The data
═══

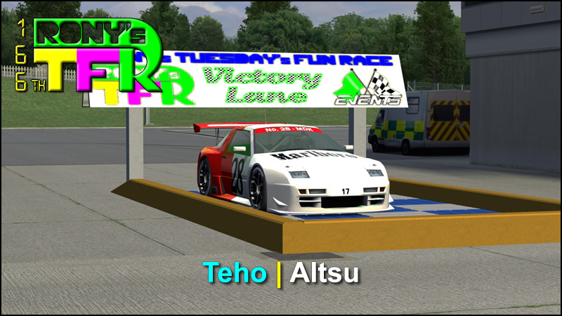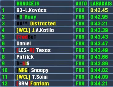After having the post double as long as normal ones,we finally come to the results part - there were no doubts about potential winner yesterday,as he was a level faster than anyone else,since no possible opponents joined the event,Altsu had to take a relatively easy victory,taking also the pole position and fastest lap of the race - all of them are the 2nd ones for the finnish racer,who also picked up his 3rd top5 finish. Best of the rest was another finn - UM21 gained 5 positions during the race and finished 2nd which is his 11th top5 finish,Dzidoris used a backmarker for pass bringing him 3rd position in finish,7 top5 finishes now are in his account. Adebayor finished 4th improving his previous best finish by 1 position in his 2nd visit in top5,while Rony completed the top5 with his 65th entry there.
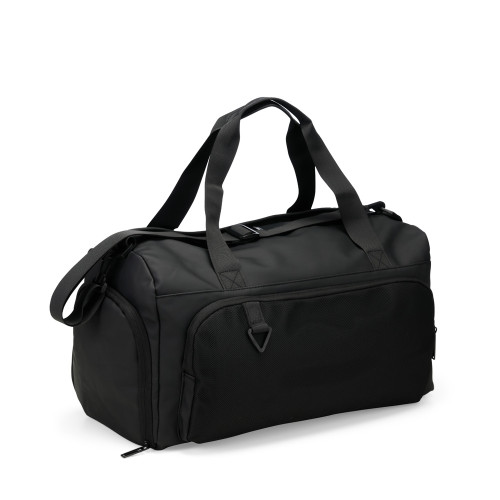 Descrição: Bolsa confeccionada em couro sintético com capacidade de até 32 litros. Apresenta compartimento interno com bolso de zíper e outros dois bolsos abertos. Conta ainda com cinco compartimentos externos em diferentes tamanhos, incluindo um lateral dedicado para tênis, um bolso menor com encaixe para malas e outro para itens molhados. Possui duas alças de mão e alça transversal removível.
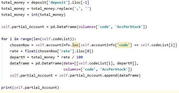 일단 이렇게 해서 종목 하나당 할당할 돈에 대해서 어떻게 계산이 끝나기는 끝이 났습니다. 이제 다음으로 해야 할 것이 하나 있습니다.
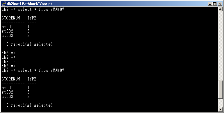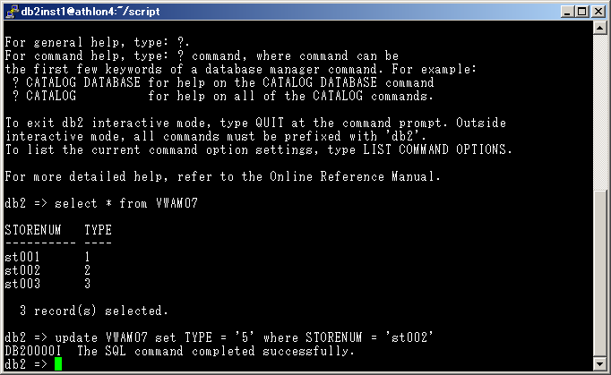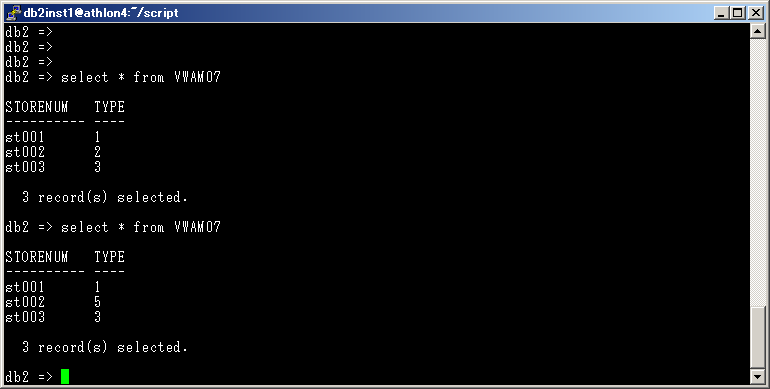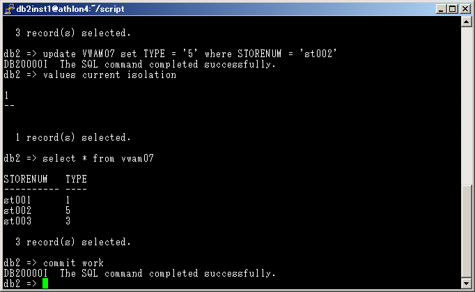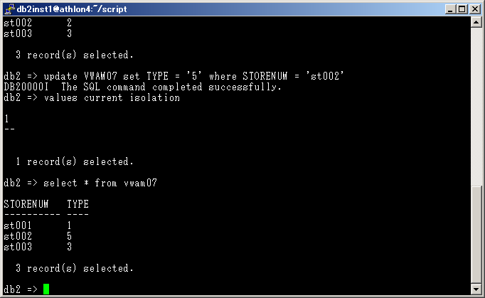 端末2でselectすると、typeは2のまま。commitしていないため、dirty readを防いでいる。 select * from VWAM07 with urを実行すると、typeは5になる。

═══

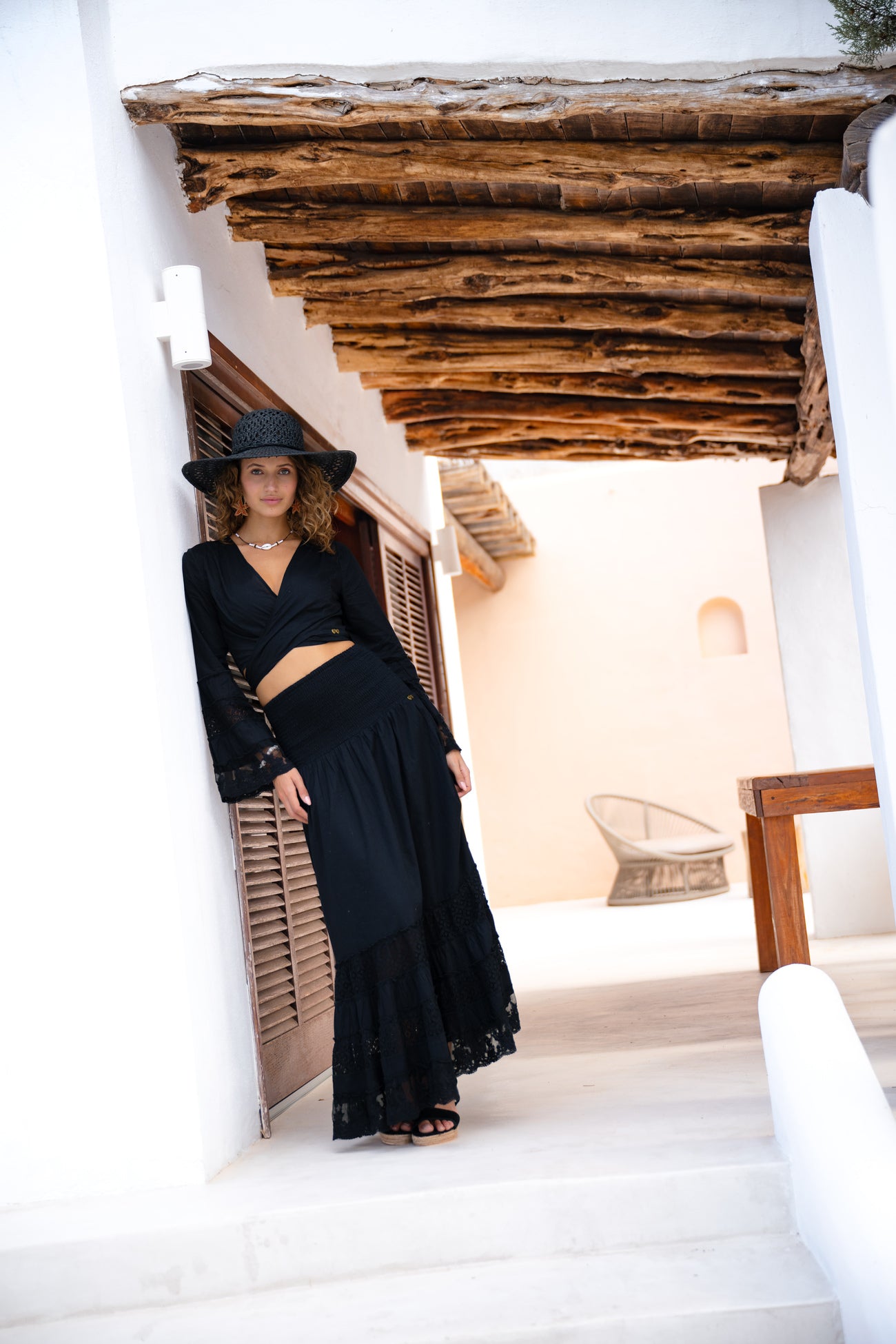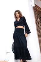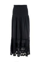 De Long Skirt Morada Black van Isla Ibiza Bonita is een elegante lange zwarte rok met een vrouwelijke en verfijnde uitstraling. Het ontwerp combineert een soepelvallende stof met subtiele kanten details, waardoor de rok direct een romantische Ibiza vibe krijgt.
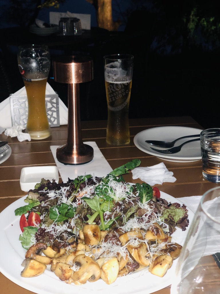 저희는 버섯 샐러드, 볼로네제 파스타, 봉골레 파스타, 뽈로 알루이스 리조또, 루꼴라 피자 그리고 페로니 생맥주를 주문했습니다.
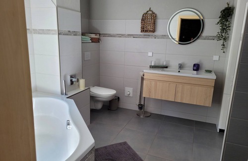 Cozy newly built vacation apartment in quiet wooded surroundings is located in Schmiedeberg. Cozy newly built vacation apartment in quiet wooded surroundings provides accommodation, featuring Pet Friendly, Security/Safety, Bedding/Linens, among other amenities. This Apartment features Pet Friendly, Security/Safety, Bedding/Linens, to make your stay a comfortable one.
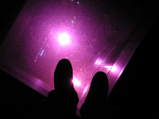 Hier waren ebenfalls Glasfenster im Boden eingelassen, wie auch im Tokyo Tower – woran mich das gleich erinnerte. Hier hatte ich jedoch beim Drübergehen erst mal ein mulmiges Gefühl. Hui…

═══

Description of the task
If a picture sits between the line containing "De Long Skirt" and the line containing "Hier waren ebenfalls", leave it out, and return the lines of that range above exactly, both ends included.

Expected output
 De Long Skirt Morada Black van Isla Ibiza Bonita is een elegante lange zwarte rok met een vrouwelijke en verfijnde uitstraling. Het ontwerp combineert een soepelvallende stof met subtiele kanten details, waardoor de rok direct een romantische Ibiza vibe krijgt.
 저희는 버섯 샐러드, 볼로네제 파스타, 봉골레 파스타, 뽈로 알루이스 리조또, 루꼴라 피자 그리고 페로니 생맥주를 주문했습니다.
 Cozy newly built vacation apartment in quiet wooded surroundings is located in Schmiedeberg. Cozy newly built vacation apartment in quiet wooded surroundings provides accommodation, featuring Pet Friendly, Security/Safety, Bedding/Linens, among other amenities. This Apartment features Pet Friendly, Security/Safety, Bedding/Linens, to make your stay a comfortable one.
 Hier waren ebenfalls Glasfenster im Boden eingelassen, wie auch im Tokyo Tower – woran mich das gleich erinnerte. Hier hatte ich jedoch beim Drübergehen erst mal ein mulmiges Gefühl. Hui…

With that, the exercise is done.